Fate posto tuttavia a questo libro di Clelia Arduini che, teramana ardimentosa, appassionata d’arte, archeologia e turismo, vuole dire il suo grazie
alla Roma per lo più bonaria, divertente, piacevole che l’ha ospitata per un ventennio. Grazie, nonostante i momenti in cui Roma e i romani (ma quelli veri stanno ormai soltanto al ghetto, se ancora ci stanno) non ti si filano proprio di pezza, al più ti lasciano vivere, se ne hai i mezzi, e però non si accorgono di te e delle tue angosce.
Roma è fatta così, scrive Clelia, muta e rumorosa, allegra e indifferente, generosa e scettica.
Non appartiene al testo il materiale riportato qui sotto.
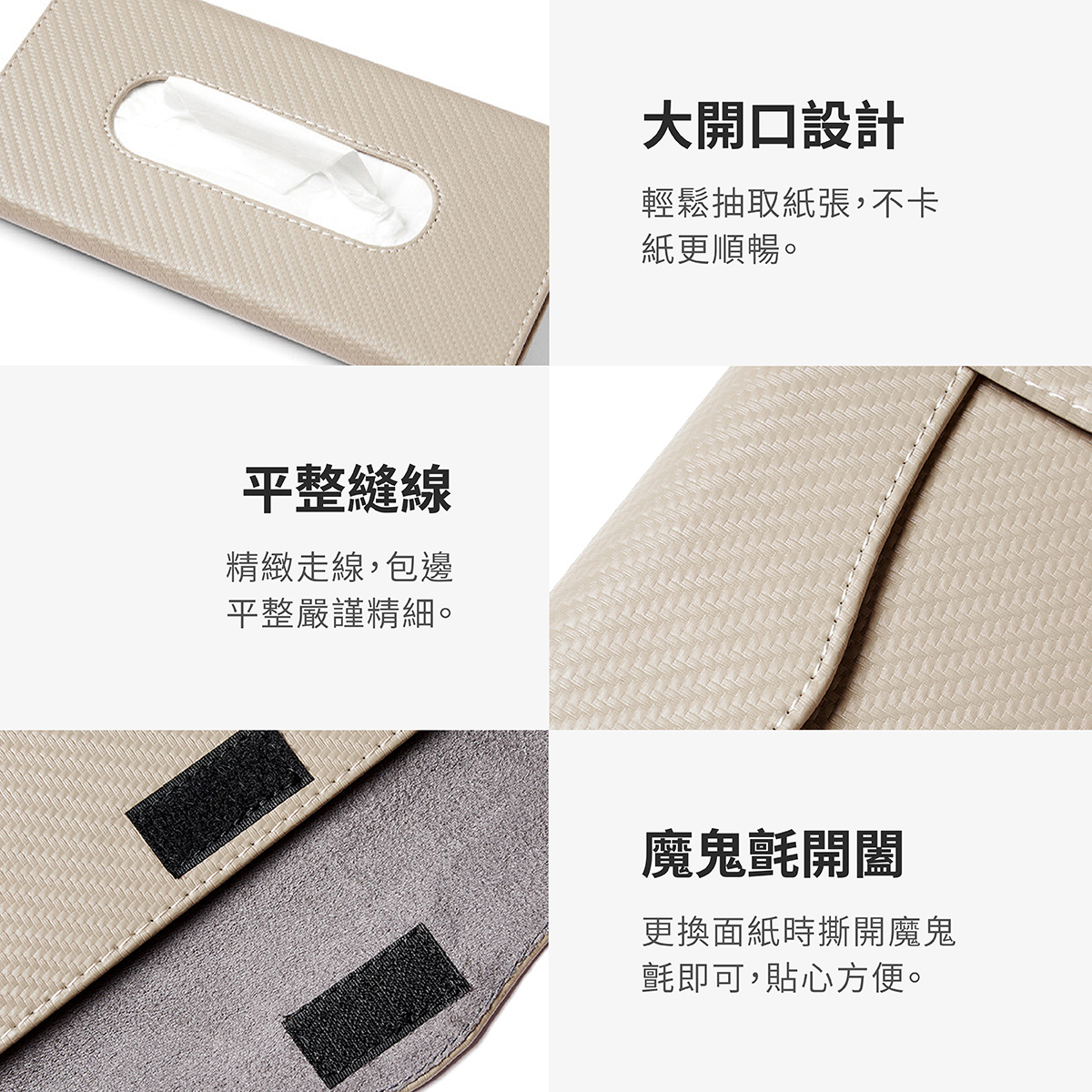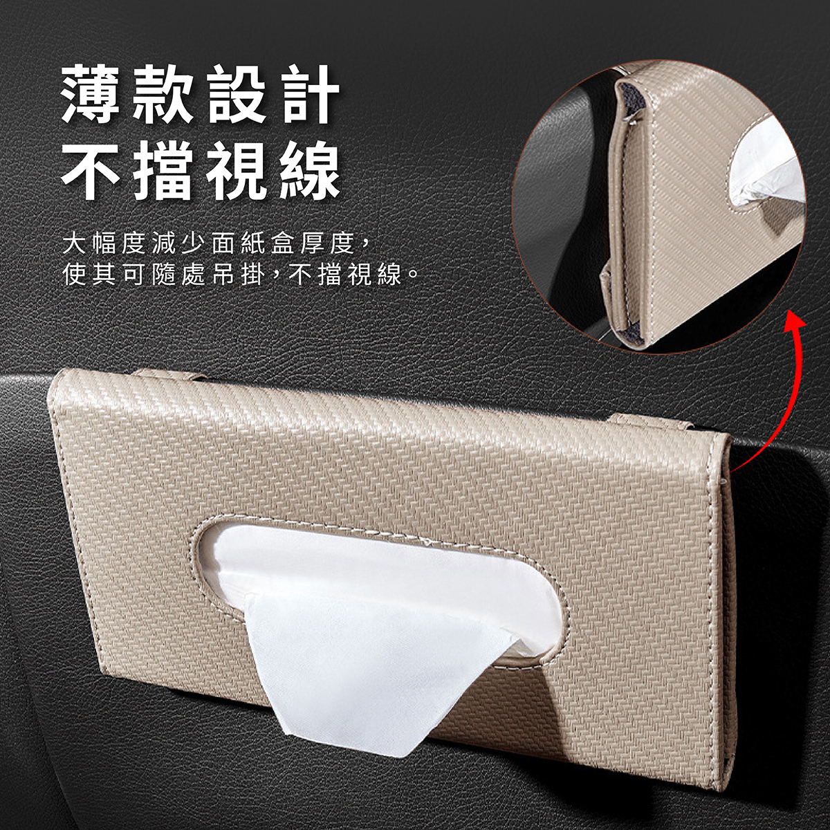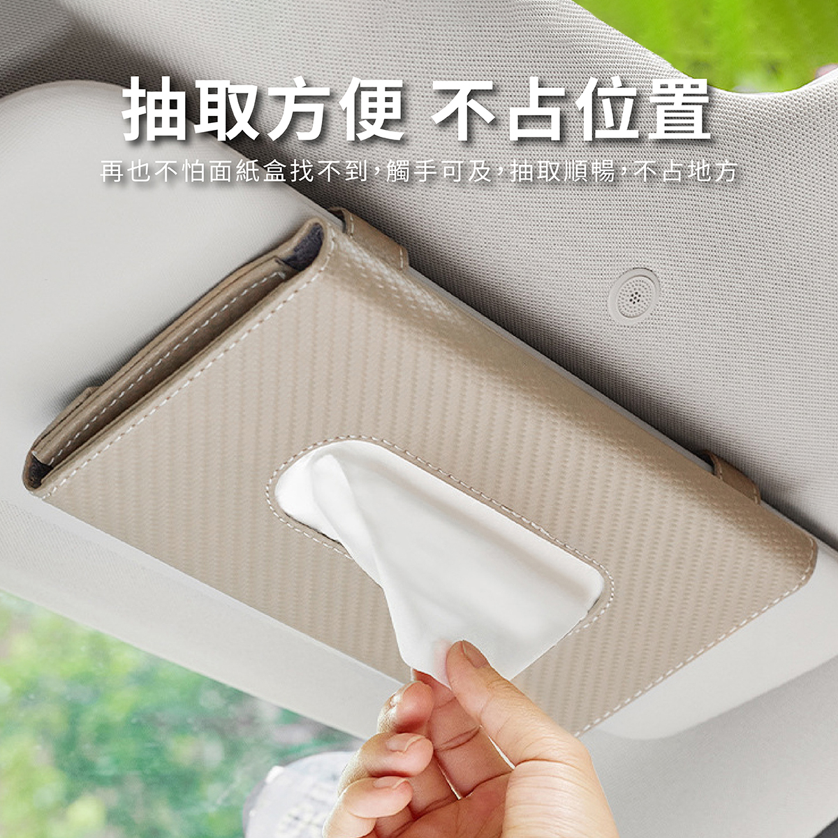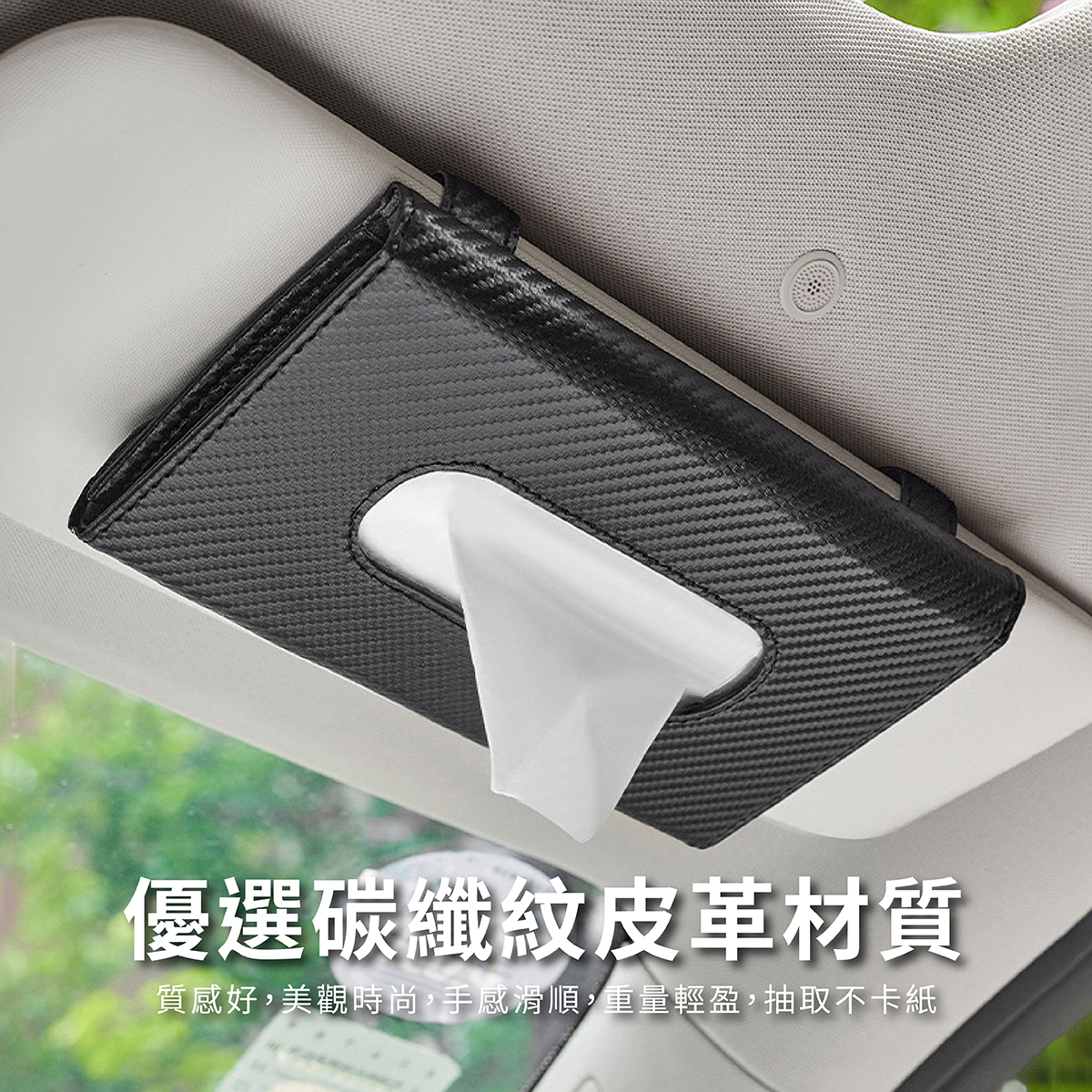 汽車遮陽板面紙盒,精選碳纖紋皮革材質,展現現代感和耐用性,為車內增添高質感。薄款設計節省空間,安裝於遮陽板上,不會擋住駕駛視線,保持安全駕駛視野。大開口設計確保紙巾能輕鬆取出,抽取過程順暢不卡紙,無需多次拉扯。雙邊強力金屬背夾,牢固固定不脫落,即使在顛簸路面上也能穩定使用。此面紙盒不僅提升車內整潔度,還能讓駕駛及乘客方便取用紙巾,無論是日常駕駛還是長途旅行,都十分實用。

L’operazione che l’autrice ha cercato di portare a termine è quella di una agenda dei ricordi, dal giorno dell’arrivo in cui tutto le va bene, non ha il biglietto per l’autobus e glielo offre una vecchina, non ha in tasca i soldi per il giornale e glielo danno lo stesso, non ce li ha per mangiare e la sfamano ugualmente… È la faccia favorevole di quella antica, antichissima moneta argentea in cui Roma è madre, anzi maternale, soccorrevole, sorridente. E dall’altro verso, monumentale e indifferente. Sempre capace di attrarre e di utilizzare il meglio dell’Italia, fin dall’antichità: Plauto era sceso dai monti di Sarsina in Romagna, Virgilio dal padule di Mantova, Catullo dalle rive del Garda, Plinio il Vecchio e il Giovane da quelle del lago di Como, Tito Livio da Padova, Ovidio da Sulmona, Orazio dal profondo Sud di Venosa, Lucrezio dalla più vicina Pompei, e chissà per quanto potrei continuare.
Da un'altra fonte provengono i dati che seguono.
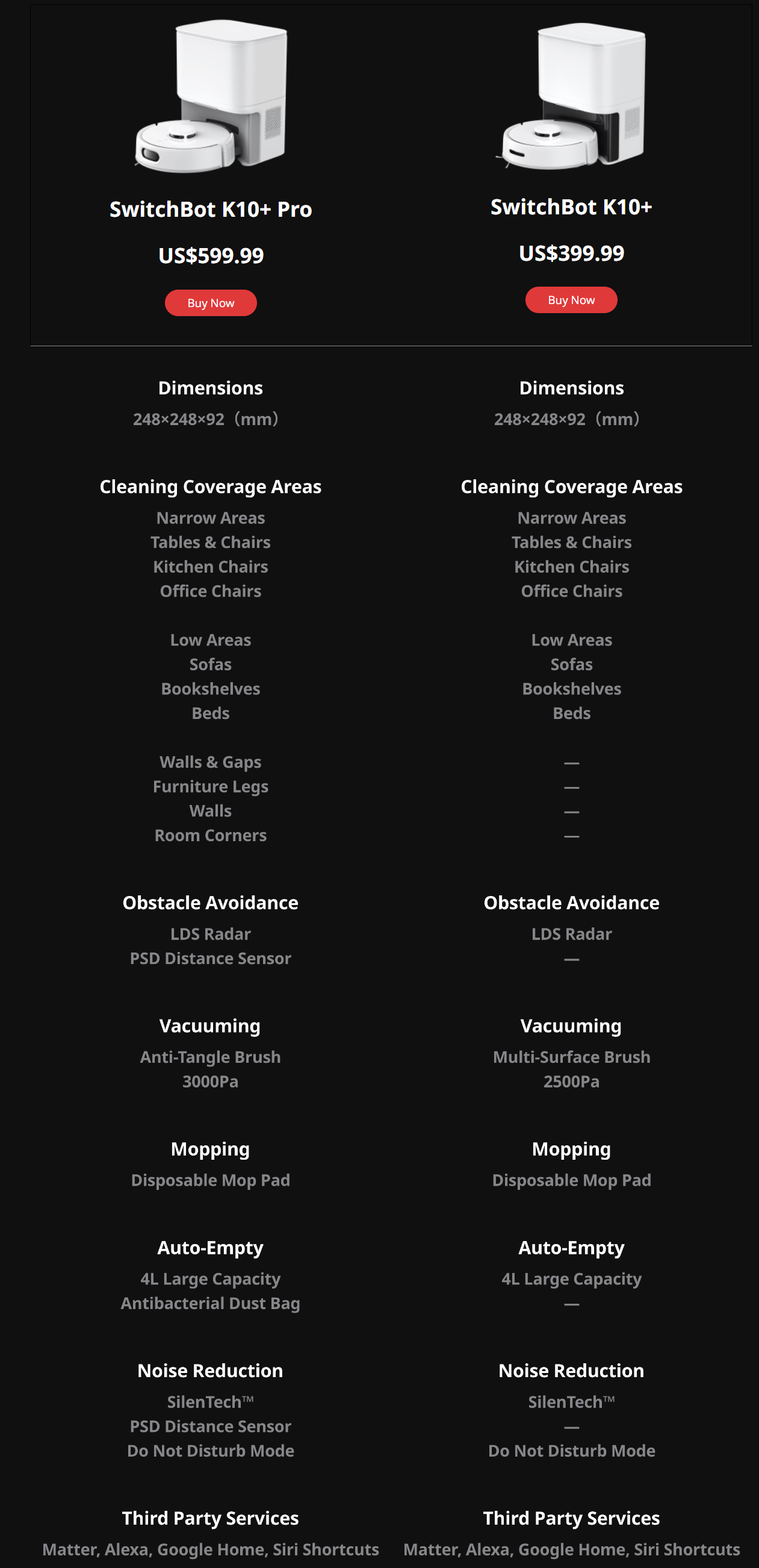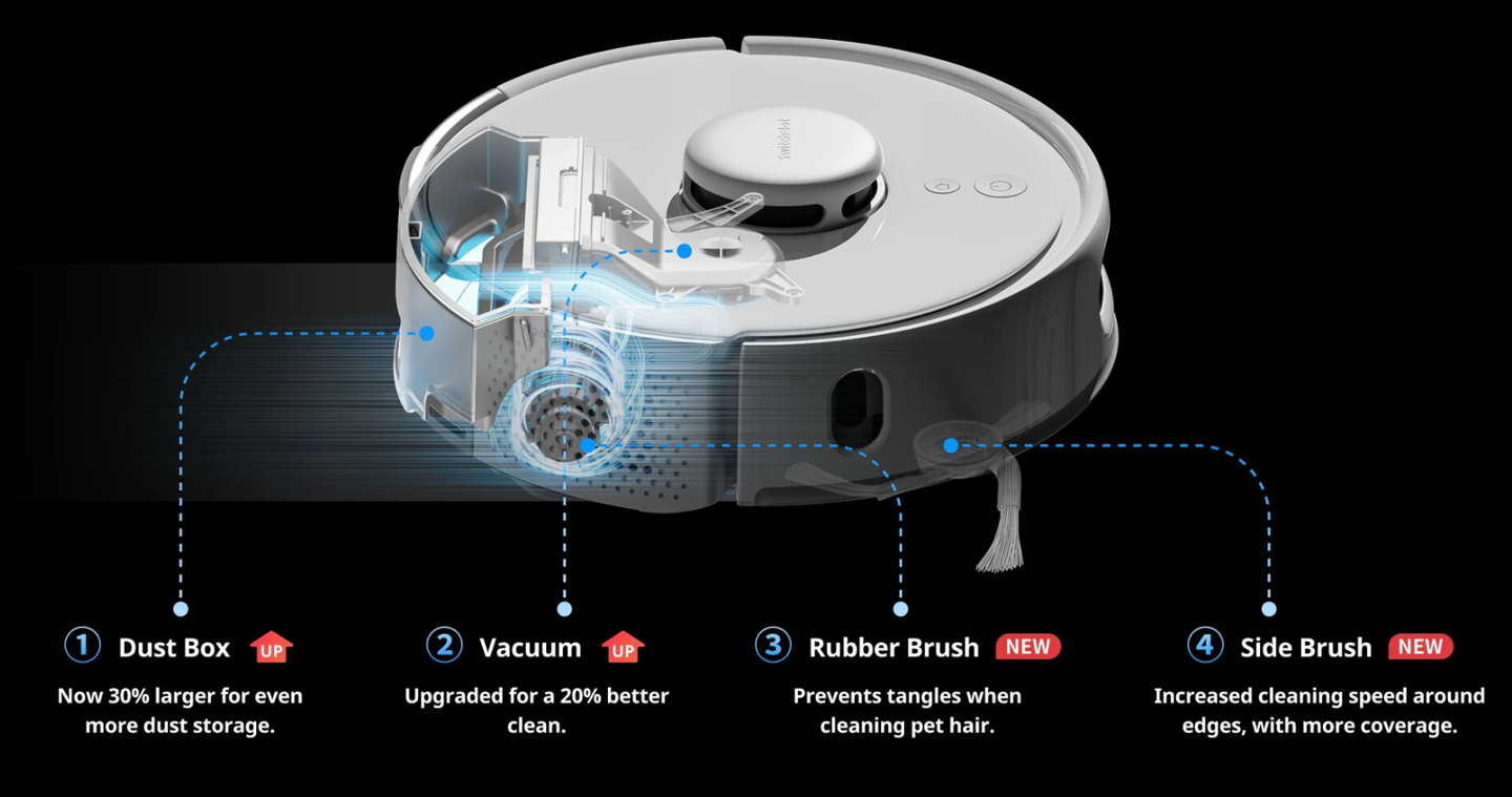 该机拥有更高的清洁能力 —— 3,000 Pa,而 K10+ 为 2,500 Pa。新型防缠结橡胶刷可以让用户更方便地处理宠物(或人类)毛发。SwitchBot 声称其 SilenTech 技术在“静音”模式下将噪音水平保持在 45 分贝。

Non c’è un solo grande musicista romano (Pier Luigi da Palestrina era del contado, Giacomo Carissimi di Marino, Goffredo Petrassi di Zagarolo), ma tutti i migliori sono venuti a Roma, per anni o per sempre, con Arcangelo Corelli e Georg Friedrich Haendel che si contendevano il ruolo di maestro di cappella presso le grandi famiglie patrizie. E dico poco.
Sull’onda dei ricordi personali questo libro diventa, oltre che una agenda di persone conosciute, incrociate, frequentate, un breviario, un Baedeker di luoghi, storici e meno storici, attraversati a piedi o sulla sella di una moto lanciata nelle favolose notti romane, lungo viali di cipressi e di rovine maestose, dentro i vicoli del centro medioevale o della Suburra, in piazze dai palazzi imponenti e davanti alle facciate di chiese interamente di travertino, sbiancate da una luna altrove impossibile.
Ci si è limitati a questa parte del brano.